Data shown Start Marker
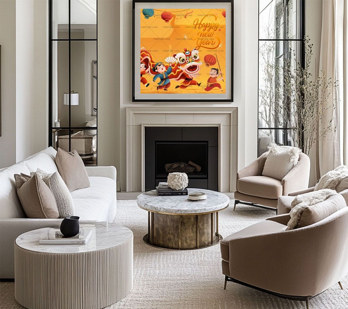 Spring Festival,Happy New Year,Annual Paintings,Dance Lions,Chinese Wind
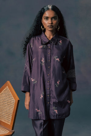 • Lavender rose print drop shoulder shirt in mulberry silk with straight pants in silk chanderi
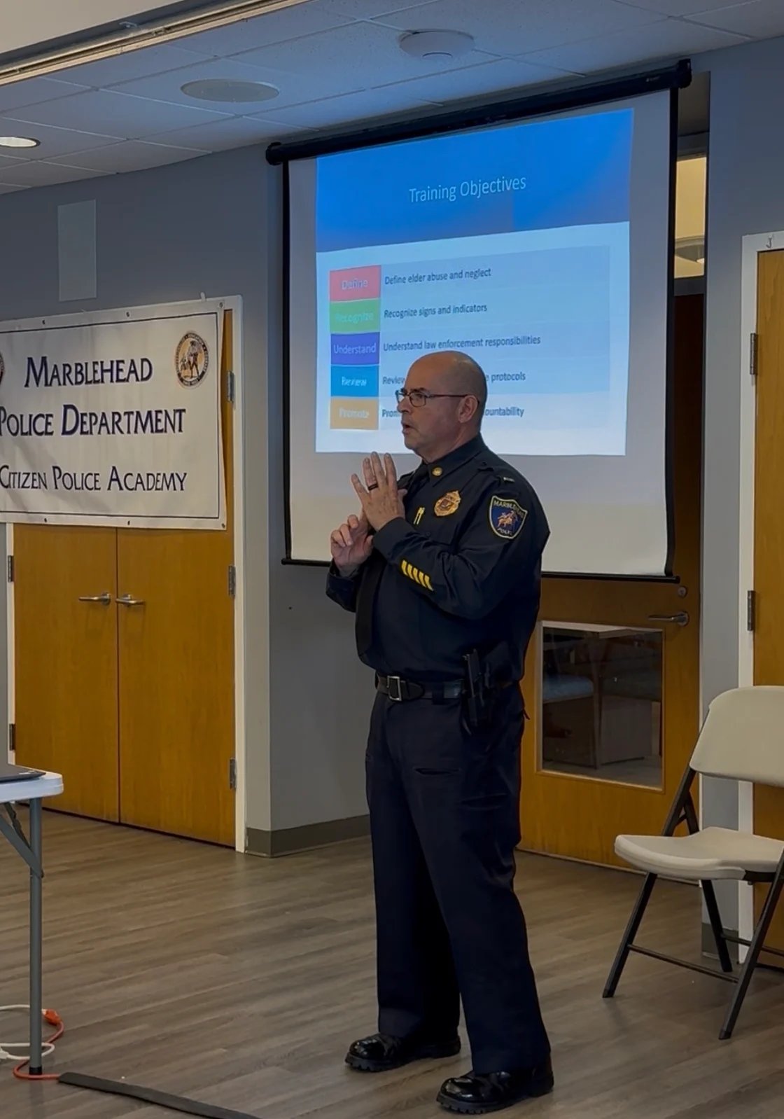 Lt. David Ostrovitz speaks to participants about elder abuse and neglect at the inaugural Citizens Academy 2.0. (Photo Courtesy Marblehead Police Department)
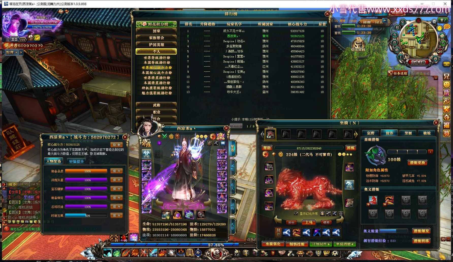 编号L22282 扬帆丶苡大人 龙战王者 燕州 本国排名68名 2373W战力 人物精良紫12X(3件混沌) 马极品紫9X 人物绿龙印 马黄龙印 六等单双属性石头
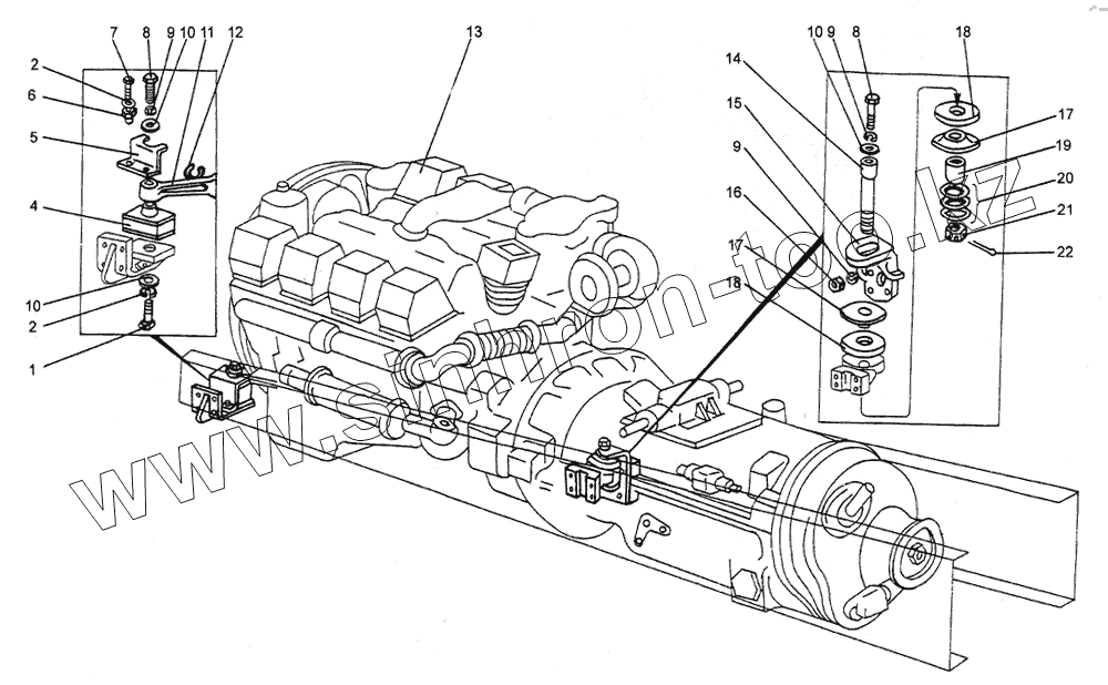 Каталог запасных частей к технике: МЗКТ-79092. Подвеска двигателя
Data shown End Marker
▶ _Required work_
Will you restate every entry word for word and omit the images?

▶ _Task answer_
 Spring Festival,Happy New Year,Annual Paintings,Dance Lions,Chinese Wind
 • Lavender rose print drop shoulder shirt in mulberry silk with straight pants in silk chanderi
 Lt. David Ostrovitz speaks to participants about elder abuse and neglect at the inaugural Citizens Academy 2.0. (Photo Courtesy Marblehead Police Department)
 编号L22282 扬帆丶苡大人 龙战王者 燕州 本国排名68名 2373W战力 人物精良紫12X(3件混沌) 马极品紫9X 人物绿龙印 马黄龙印 六等单双属性石头
 Каталог запасных частей к технике: МЗКТ-79092. Подвеска двигателя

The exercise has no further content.